The Mission to Lorient
On March 10th, 1944, the I-52 left Kure naval base in Japan on her maiden mission. Captained by Commander Uno Kameo and crewed by 94 officers and men, the vessel had a long journey ahead of her, most of it through hostile waters. From the Sea of Japan, she was to head to the East China then South China seas. After a stop in Singapore, the I-52 was to cross the Bay of Bengal, traverse the Indian Ocean, round the Cape of Good Hope and enter the Atlantic. Then she would traverse most of the length of that ocean, before finally entering the Bay of Biscay and docking in the Nazi-controlled French port of Lorient. Her estimated date of arrival was June 6, 1944.
In her cargo hold, the I-52 carried 11 tons of tungsten, almost 10 tons of molybdenum, 3 tons of opium, and 54 kilograms of pure caffeine. She also carried 146 bars of gold, weighing 2.2 tons, intended as payment for German optical technology. In Singapore, she also picked up 3.3 tons of quinine, 60 tons of raw rubber, and 120 tons of tin. She also carried 14 passengers, mostly Japanese technicians, sent to study advanced German torpedo boat engine and antiaircraft gun technologies.
Awaiting the I-52 in Lorient, to carry back home to Japan, were about 40 tons of advanced Nazi technology, plus assorted secret documents, drawings, and schematics. The cargo for the return voyage included German radar equipment, vacuum tubes, optical glass, bombsights, chemicals, a Jumo 213-A engine used in the FW-190D fighter, and T5 acoustic torpedoes that could home in on the sound of ship propellers.
While docked, the I-52 was to also get fitted out with the latest in underwater technology: a snorkel.

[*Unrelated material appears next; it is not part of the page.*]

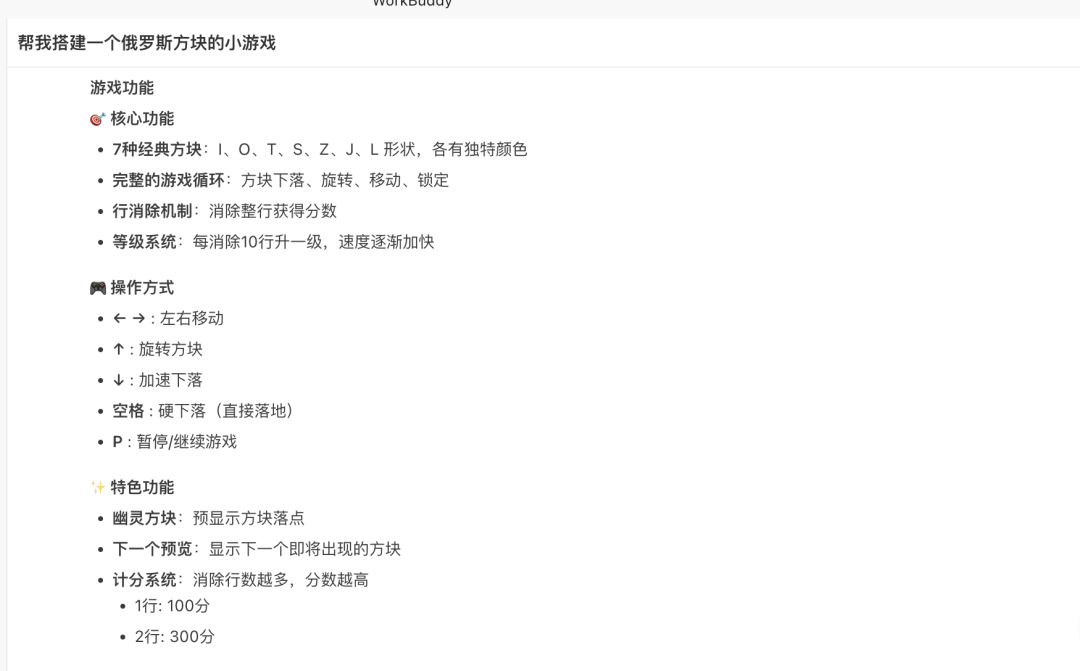 开发一个「俄罗斯方块」小游戏网页,看看它在网页生成这块儿的本事到底如何。

That device, a revolutionary advancement at the time, allowed submarines to operate underwater indefinitely while using their diesel engines (before, doing that underwater would have suffocated the crew), instead of relying solely on batteries of limited duration. The Japanese intended to reproduce the German snorkel when the I-52 got back, and to reequip their entire submarine fleet with the device.

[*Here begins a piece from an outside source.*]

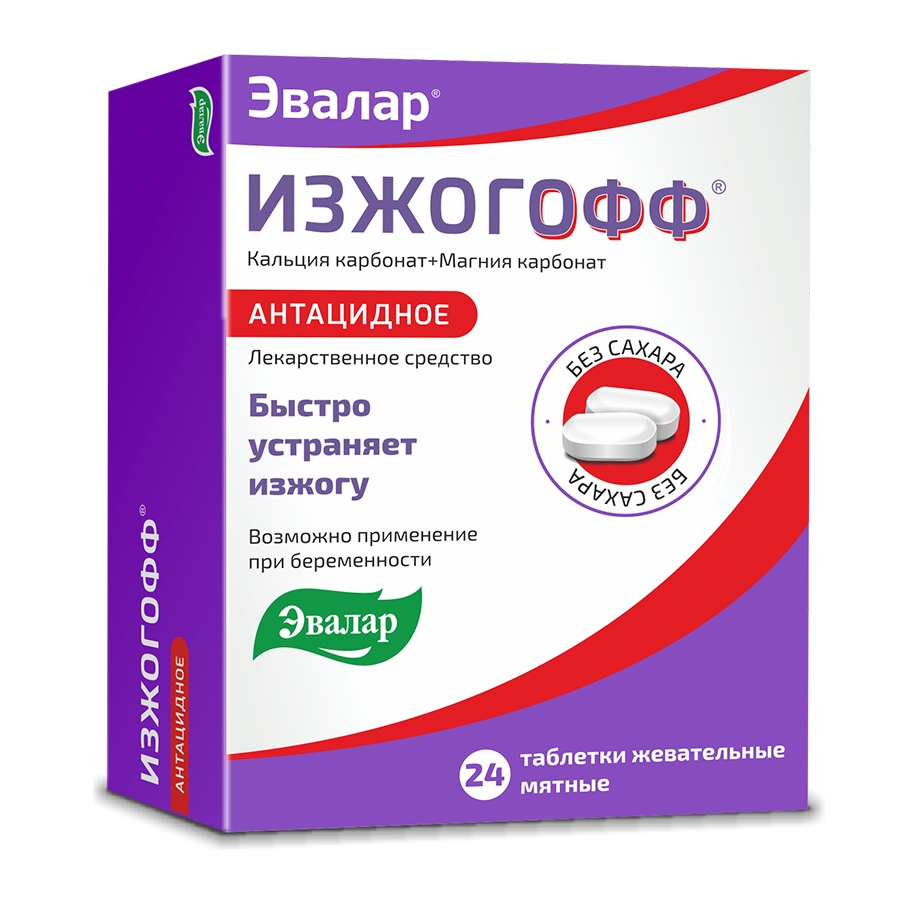 ИЗЖОГОФФ 680мг+80мг N24 табл жеват мятн ЭВАЛАР

More intriguingly, the cargo for the return trip included 1760 pounds of uranium oxide. That amount of unenriched uranium oxide would not have been enough for an atomic bomb – assuming the Japanese knew how to build one, which they did not. However, the Japanese could have used that material to create poisonous fission byproducts, that could have then been employed in radiological weapons like “dirty bombs”, for use against the US. Fortunately for the US, and unfortunately for the I-52, the Allies were tipped off about the Japanese submarine’s mission.